Wednesday, December 3, 2008

Infeasibility

This is a somewhat technical post about he mathematical modeling of an optimal diet, it's not really about food.

A linear programming model is the minimization of the value of a linear function in such a way that the solution still satisfies a collection of linear constrains. In a simple form of the linear formulation of the optimal diet problem we want to

minimize c1*x1 + c2*x2
such that
p1*x1 + p2*x2 > 77
xi > 0 for all i

Where xi is the quantity of food i (we have two foods to choose from)

ci is the quantity of carbohydrates contianed in food i (the objective is to minimize this)

pi is the protein content of food i

and we want to constrain the solution to ensure we have a least the specified level of protein in the diet.
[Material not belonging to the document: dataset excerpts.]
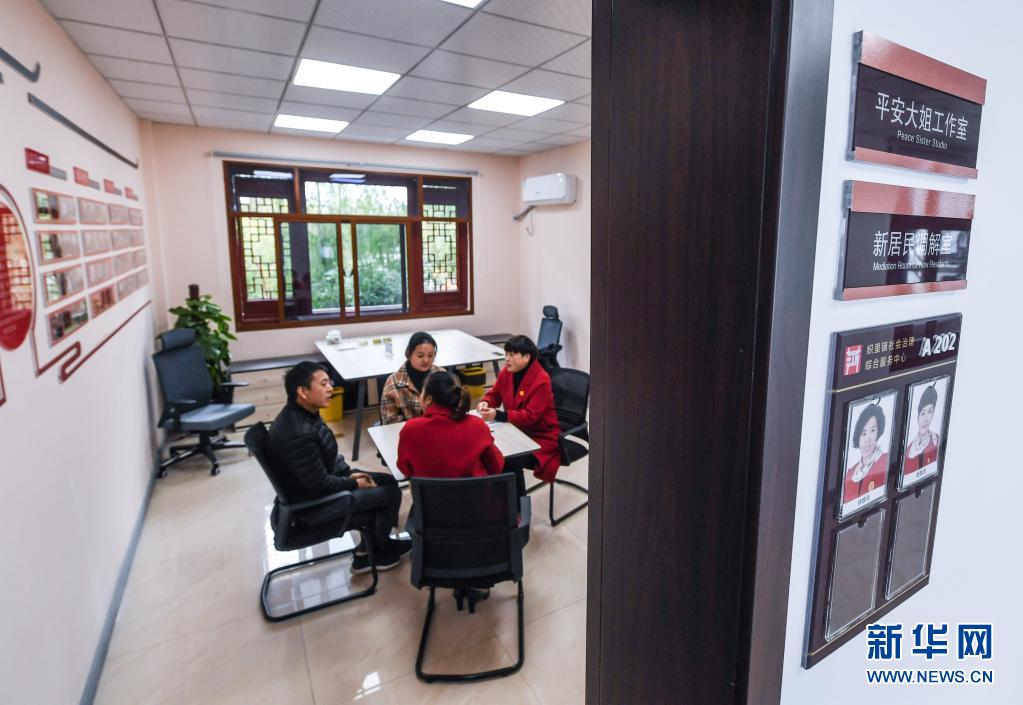 在浙江省湖州市織里鎮(zhèn)社會治理綜合服務(wù)中心的調(diào)解室,“平安大姐”工作室的志愿者對一起加工廠因加工童裝質(zhì)量差而導(dǎo)致業(yè)主虧損的糾紛進行調(diào)解(2019年11月29日攝)。新華社記者 徐昱 攝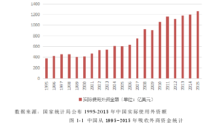 自從加入 WTO 后,中國的經(jīng)濟進入快速發(fā)展的階段。隨著中國經(jīng)濟進入調整階段,充分發(fā)揮民間資本與外來資本的作用已成為經(jīng)濟體制改革的一個重要方式[1,2]。2012 年,中國吸引外資額全球第一。但外資持有公司股份的比例依然很低。因此,將來會有越來越多的外資以持股的方式進入中國。一方面,外國投資者投資中國股市多以價值投資為理念,為上市公司提供更好的經(jīng)營理念、管理技術、人力資本并更好的監(jiān)督公司運行;另一方面,由于外國投資者獲得國際信息渠道比國內投資者多,外國投資者對宏觀經(jīng)濟變化敏感,外國投資者的逐利性致使外資資金的頻繁流動。外資股權的這種雙重性對上市公司產(chǎn)生的影響成為中國資本市場開放過程中必須回答的問題。 1978 年以來,我國開始實行改革開放,中國的經(jīng)濟發(fā)展已進入了一個快速發(fā)展的新階段。吸引了大量境外資金往國內的流入。據(jù)國家統(tǒng)計局所發(fā)布的統(tǒng)計數(shù)據(jù),2015 年中國實際使用外資額為 7813.5 億元人民幣,外資對中國經(jīng)濟的發(fā)展起到了舉足輕重的作用。從上圖 1-1 中我們可以看到中國從 1995 年到 2015 年每年吸收外商直接投資的發(fā)展趨勢。中國吸收外商投資受國際經(jīng)濟環(huán)境的影響,并不是逐年增加的,但總體趨勢是逐步增長。2015 年中國外商投資額比 1995 年的 3 倍還要多。自改革開放以來,中國的經(jīng)濟得到了長足的進步和發(fā)展,同時隨著中國經(jīng)濟政策的改變,中國經(jīng)濟市場對外開放也會得到進一步提升,因此會促進國外資金向中國經(jīng)濟市場的流動。 隨著中國對外資股權政策的進一步寬松,未來外資越來越多地會以股權投資的方式投資公司。2002 年 6 月,在國際證監(jiān)會組織年會上,中國證監(jiān)會主席周小川提出了 QFII 的概念。之后引進合格境外機構投資者論壇在深圳成功舉辦。自 2003 年以來,中國首次批準境外機構投資者投資中國股市,境外機構投資者獲批數(shù)量及投資額度增長速度飛速發(fā)展。在 2014 年底,獲得進入中國市場的境外投資機構的數(shù)量達到 274 家,與剛開始實行 QFII 制度時的境外投資者數(shù)量相比增長了 22 倍。而 2014 年獲批 669.23 億美元的投資額度與2003 年獲批的 17 億美元的投資額度相比,更是增長了 39 倍多。同時,外國投資者的類型也不再單一,變得多樣化。同時,隨著外資的增多,中國經(jīng)濟受境外投資的影響也逐漸增大。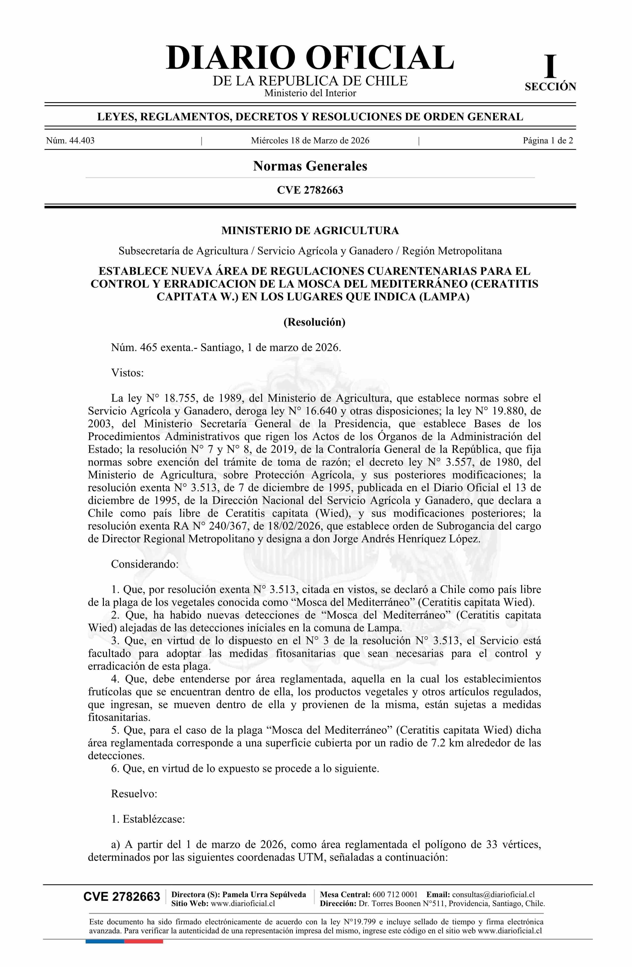 Título: Resolución exenta número 465, de 2026.- Establece nueva área de regulaciones cuarentenarias para el control y erradicación de la Mosca del Mediterráneo (Ceratitis capitata W.) en los lugares que indica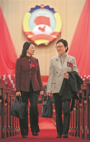 3月9日,全國(guó)政協(xié)十四屆二次會(huì)議第三次全體會(huì)議結(jié)束后,重慶靜昇律師事務(wù)所主任彭靜委員(圖左)和宜墾(天津)集團(tuán)有限公司董事長(zhǎng)陳中紅委員一起走出北京人民大會(huì)堂。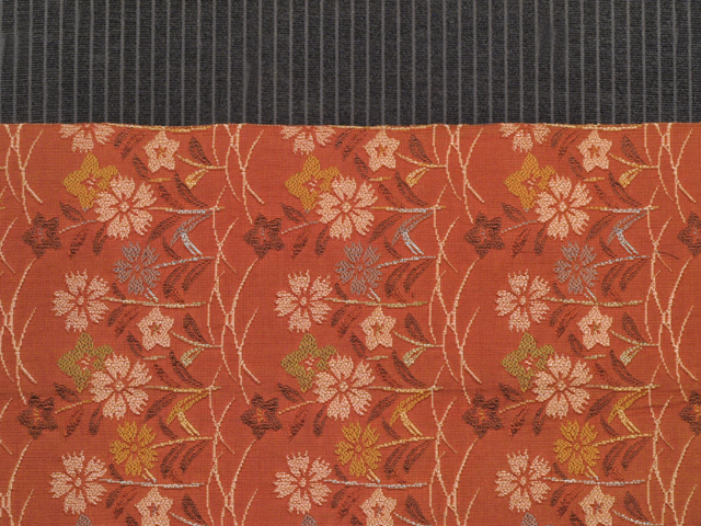 | 詳細 | 沈んだ雀茶色の地に、露芝と桔梗(ききょう)、撫子(なでしこ)の文様が織り込まれている、変わり織の八寸名古屋帯です。 落ち着いたかわいらしさのある意匠で、どこかニットのような趣きが感じられます。さらりとした紬のような手ざわりで、ややざっくりとした織地です。 ユーズド品で、前の折り跡があります。また、画像では判別はつきませんが、たれの中央左寄りのかいきり線下に直径約 3~5mm のうすよごれが 2 か所ありますが、地色に沈んでいて、あまり判別はつかず、気にはならなさそうです。そのほかに目につく大きなしみやよごれなどのダメージはありません。 |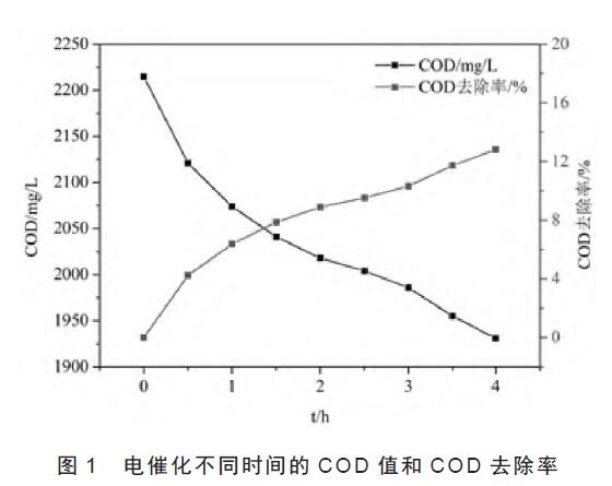 利用電催化處理該印染廢水,其結(jié)果見圖1。從圖1 中可以看出,隨著電解時(shí)間的延長(zhǎng),COD 值逐漸減小,但是COD 的去除率不大,到第4 h 時(shí),COD 的去除率為12.82%,對(duì)應(yīng)的COD 值為1 931mg/L,表明電催化法去除該印染廢水中的COD 效果不佳,分析原因可能是該廢水的pH 為強(qiáng)堿性,不利于電催化產(chǎn)生強(qiáng)氧化性的•OH。

This two variable, one constraint version is pretty easy to solve. Just pick the food that has the highest protein per carb (or lowest carb per protein) and eat as litle of that food as you can and still get enough protein. That's your minimum carbohydrate solution.

I havn't really gotten to the topic of infeasibility yet and the post is starting to get long. So let me just finish off with a specific example and I'll get back to this on another day.

Let's say we have two foods to pick from -- chili and bread. A serving of chili has 18 grams of carbs with 17 grams of protein and a slice of bread has 15 grams of carbs with 3 grams of protein.

Carb per protein for the bread is 15/3 = 5 and for the chili it's 18/17 = 1 (about). The chili is clearly the best choice for this mini-model. Eat enough chili to get the required protein and stop. That's a minimum carb diet that fits the model.

The model is overly simplistic, of course. We'll get to that on another day.